Un kilogramme de maw de totoaba peut se vendre jusqu’à 80 000 dollars en Chine, soit environ 49 millions de FCFA, ce qui en fait une marchandise très recherchée sur le marché noir . Cette haute valeur peut changer la vie des pêcheurs locaux, certains rapportant pouvoir gagner 8000 dollars par kilogramme de vessie de totoaba.
Cependant, le commerce ne menace pas seulement le totoaba. Il a également un impact dévastateur sur le marsouin vaquita, car les filets maillants utilisés pour capturer le totoaba capturent et noient également ce petit marsouin, avec des estimations suggérant qu’il reste moins de 30 individus à l’état sauvage.
Le gouvernement mexicain a investi massivement dans l’élimination des filets maillants du nord de la mer de Cortez et la protection du vaquita, y compris des efforts pour capturer et loger les vaquitas dans des enclos marins afin de neutraliser la menace.
L’ONG C4ADS a souligné l’intersection du trafic de totoaba avec le crime organisé, en mettant l’accent sur le fait que le trafic de maws est autant un problème de sécurité que de conservation.
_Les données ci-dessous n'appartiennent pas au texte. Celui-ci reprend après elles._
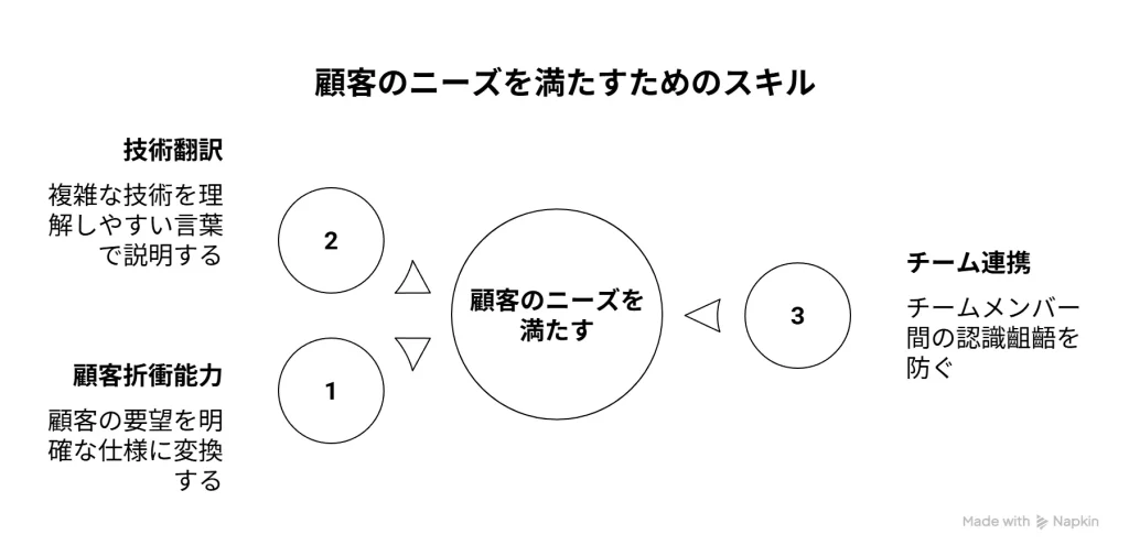 顧客が抱える漠然とした要望や課題を、丁寧なヒアリングを通じて引き出し、それを明確な「仕様」という形に落とし込む。これは、まさに営業で培われる「顧客折衝能力」そのものです。 - 技術を「翻訳」する力:
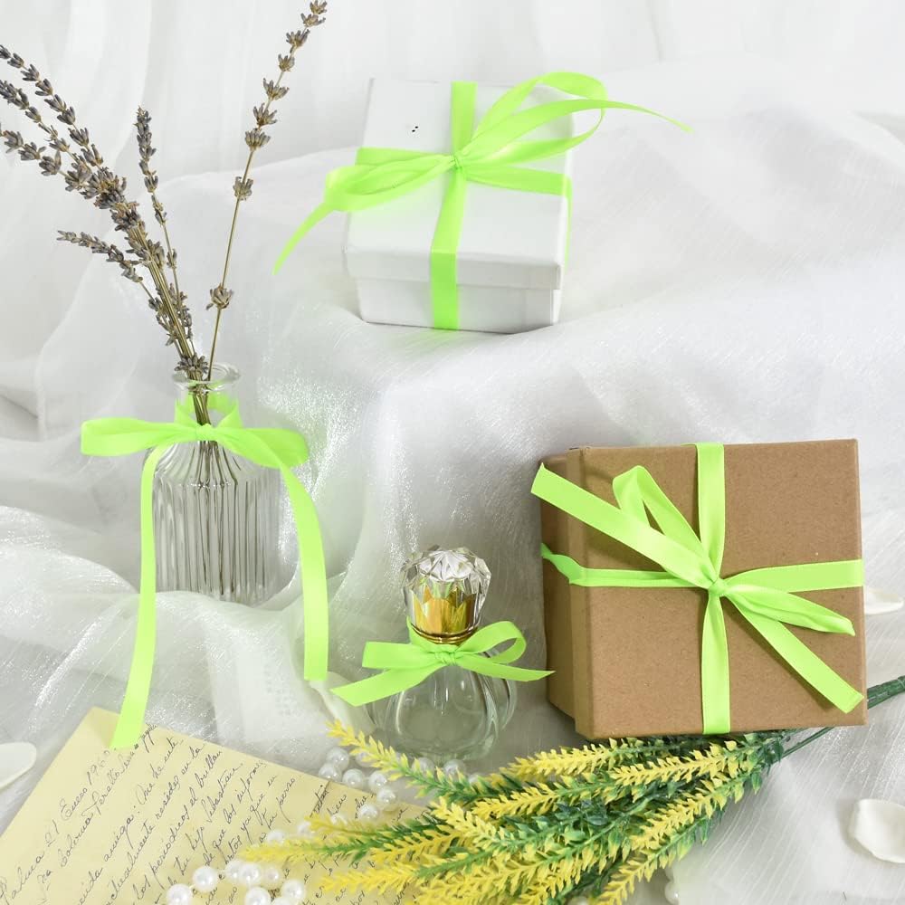 TONIFUL 3/8 Inch x 100yds Fluorescent Apple Green Satin Ribbon Thin Solid Fabric Ribbons Roll for Gift Wrapping Floral Hair Balloons Craft Sewing Party Wedding Decoration Valentine's Day Halloween
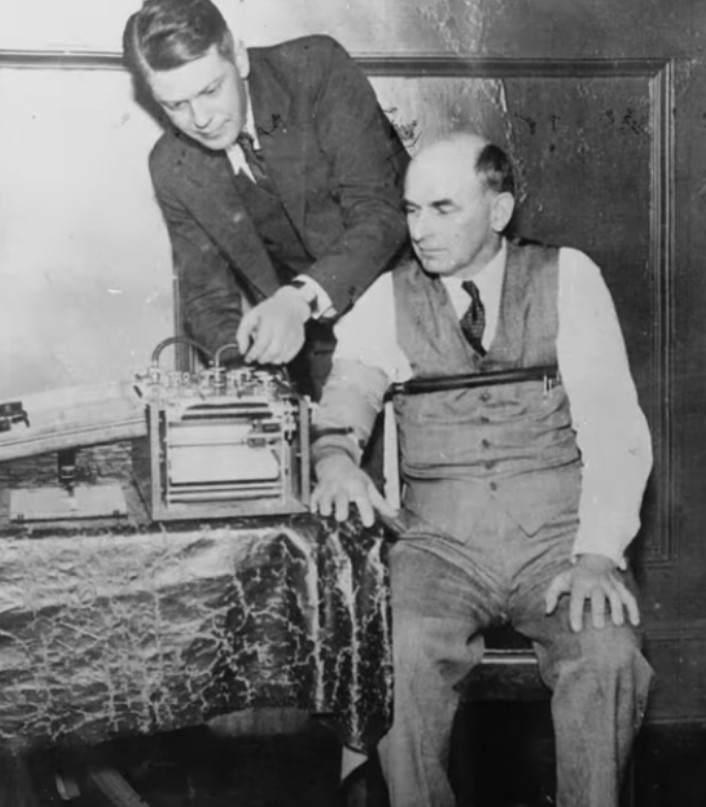 Trong CIA, ông được Leonarde Keeler (người đứng) đào tạo. Đây chính là cha đẻ của máy phát hiện nói dối (Ảnh chụp màn hình)

En 2019, le media Quartz a rapporté que le marché du Totoaba est si lucratif que les autorités américaines pensent que des membres du cartel de Sinaloa y participe.
« La mafia chinoise, pour résumer, c’est le bras financier. Ce sont eux qui achètent, eux qui recrutent. En réalité, ce sont eux qui graissent l’arme avec laquelle on va te tirer dessus », confiait dans le film Planet Killers : le parrain des océans*, un ex-chef de la police mexicaine qui a réchappé miraculeusement à un assassinat, alors qu’il était sur la piste d’Oscar Parra, l’un des barons de ce « cartel de la mer », emprisonné depuis.
« Quand j’ai commencé à enquêter sur le totoaba (…) j’ai découvert une situation unique au monde, révèle Mark Davis, ancien agent du FBI. Certains parlent de monstre à deux têtes en évoquant le trafic de totoaba. Car c’est un mariage entre les cartels mexicains et le crime organisé chinois. »
Malgré les enjeux élevés, les sanctions pour le trafic de totoaba ont jusqu’à présent été moins sévères que pour les stupéfiants, ce qui pourrait conduire à une attitude indulgente de la part des fonctionnaires. On pousse pour un renforcement des mesures d’application de la loi et de réelles enquêtes suite à la découverte de totoaba ou de filets maillants connexes.
Les enquêtes montrent que le bénéfice tiré d’une prise illégale de totoaba peut rivaliser avec celui de la drogue, ce qui explique l’implication des narcotrafiquants dans ce commerce. Pour eux, les risques semblent moindres et les sanctions moins lourdes, ce qui fait du trafic de totoaba une activité attrayante. La législation peine à suivre, et même si la prise est bonne, les conséquences pour ceux qui se font attraper ne sont pas aussi dissuasives que pour le trafic de drogues. Cela crée un cercle vicieux où les risques sont minimisés et les pots-de-vin facilitent la circulation de ces « trésors marins ».
Pour ceux qui se battent pour la survie du totoaba et du vaquita, chaque victoire est une lueur d’espoir. Mais le chemin est encore long pour que l’application de la loi soit à la hauteur des enjeux et pour que les communautés locales trouvent des alternatives durables à cette pêche destructrice.
« La pêche illégale représente 23 milliards d’euros chaque année », révèle Luis Tortas, un officier de renseignement criminel d’Interpol, qui travaille sur les délits environnementaux.